但雖說是夠凄慘,但三個人在石屋中越活越有趣,因為有一股無形的力量把三個支撐着,那便是外面尚有他們大哥在,隻要大哥仍然在外面,他三個就有希望,三個人也才不會被姓成的拉到莊前場子上點天燈!
十天過去了!
半個月過去了!
石屋中袁小七三人的傷幾乎全好了,但卻一個個全身虛脫無力,有一陣子石逵連外敷的傷藥也一把塞入口中當飯吃下肚!
此刻……
一個瘦漢騎匹棗紅馬來到了那個大菜園子裡,正午時分,秋陽穿過那座葡萄架照在-個大漢身上,大漢赤着上身,正一桶桶的把井水用辘辘絞上來倒向一條水溝,隻見井水流向菜園,大漢便“咕噜噜”的又把水桶放入井裡!

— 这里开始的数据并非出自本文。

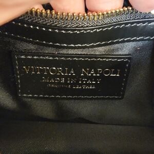 Womens beautiful Vittoria Napoli genuine leather Made in Italy shoulder bag. Comes with matching leather keychain that can be put on bag if you'd like. Gold hardware & chain straps. Unique button lock closure. Snakeskin print along with a Burnt Sienna & dark teal bottom & sides. Black strip on top of bag. One small zippered compartment inside. Bag is in beautiful like new barely used condition!
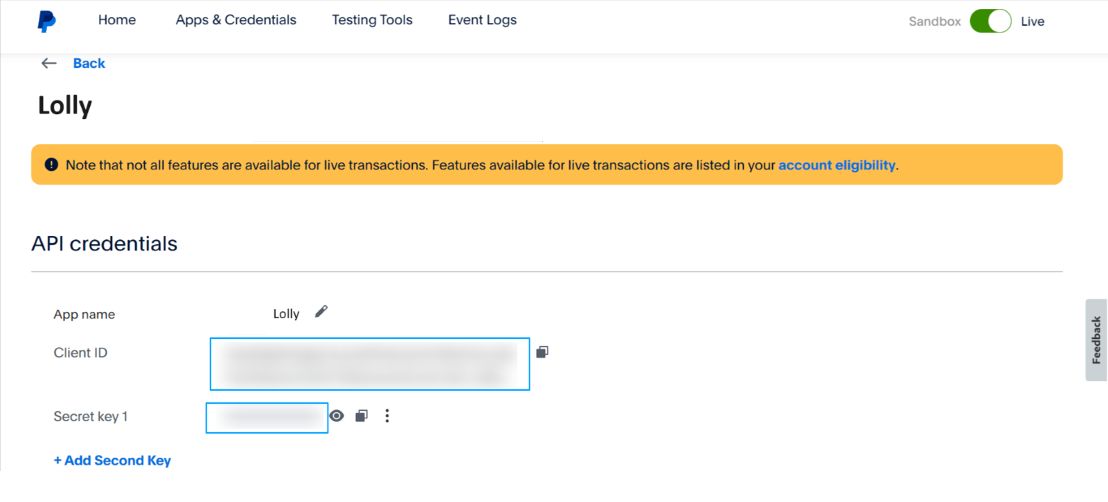 Copy the "Client ID" and "Secret Key" values and paste them into the corresponding fields in the Lolly PayPal integration form.

棗紅馬剛剛在附近大茅屋前停下來,澆水的漢子已抹着頭上汗水走過來,叫道:
“喂,是你呀,你還不快找個地方去躲起來,竟還敢大膽的再來!”
這瘦漢,是的,正是遠從“孤雁山莊”趕着來叫袁小七三人同去長春嶺下孤雁山莊的阮莫歎!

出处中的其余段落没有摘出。